In the context of the modern work-world, these marks of love do not seem like a path to success. In fact, on the surface, they seem like a path to failure.

If I am patient, will anything ever get done around here?

If I am kind, won’t my employees walk all over me?

If I don’t demand my own way, won’t I lose control and not get what I want?

In I Corinthians 13:8, the Apostle Paul tells us love never fails. If there is a lack of love in the workplace, it is not because love has failed. It is because we have failed to love.

The Appearance of Failure

We don’t like to fail. We don’t want to be seen as failures. We also find it difficult to trust that God is working out a plan for our eternal good.

In our pursuit of our own plans and selfish (not shared) success, we focus on ourselves rather than our colleagues. And, in focusing on ourselves, we fail to love and serve them.

As usual, Jesus has much to teach us about love, service, success and the appearance of failure.

In his last hours of life, Jesus appeared to be a failure.

As he hung on the cross, the hope of a new kingdom and the end of the Roman occupation seemed lost. The promise of a new era of truth, love, and peace seemed ridiculous, if not dangerous.

Seeking not only to kill Jesus, but also to stifle his message, the people cried “Crucify him!” Jesus was dealt the most debasing, humiliating death society could muster at the time.

To everyone watching that scene, Jesus looked like a spectacular failure. Of course, we know that Jesus did not fail at all. What appeared to be a monumental failure was actually a spectacular success!

Love is often like that.

Love – An Act of Worship at Work

Jesus was humiliated for his people. He was spat upon for us. He was beaten and killed – for us. He did things for us that we could never do for ourselves.
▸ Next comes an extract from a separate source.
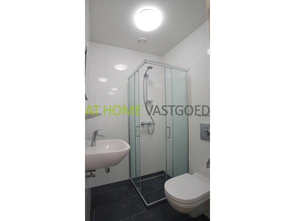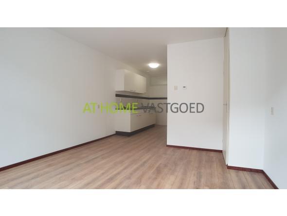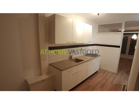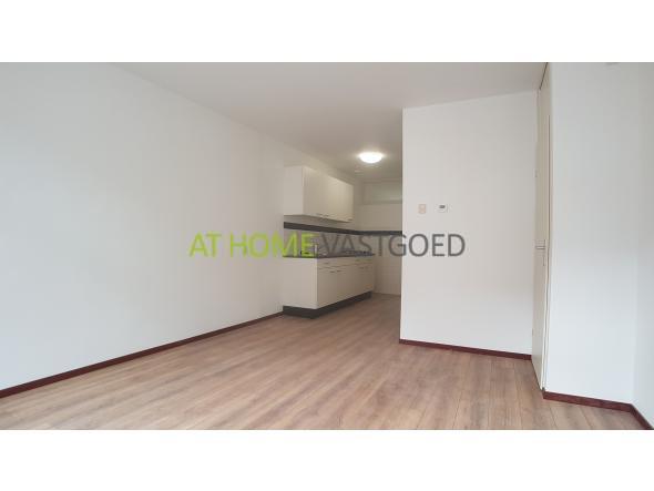 1e verdieping: entree, ruime woonkamer met open keuken, deze is voorzien van een inbouw gaskookplaat. Verder is de woonkamer uitgerust met grote raampartijen waardoor deze veel lichtinval geniet. De moderne badkamer is voorzien van een douchecabine met thermoskraan, wastafel, zwevend toilet en wasmachineaansluiting. De ruime slaapkamer is gelegen aan de achterzijde van de woning en biedt middels openslaande deuren toegang tot het balkon.

We owe him an eternity of love and worship. He tells us,

Love the Lord your God with all your heart and with all your soul and with all your mind. This is the first and greatest commandment. And the second is like it, ‘Love your neighbor as yourself.’ All the Law and the Prophets hang on these two commandments. – Matthew 22:37-40

Jesus tells us that we serve him when we serve others (Matthew 25:31-40). When we love our workmates with a genuine, self-sacrificing love (Romans 12), we bring honor to the One who first loved us.

We can do this. Through the power of the Holy Spirit, we can transform the workplace because love never fails.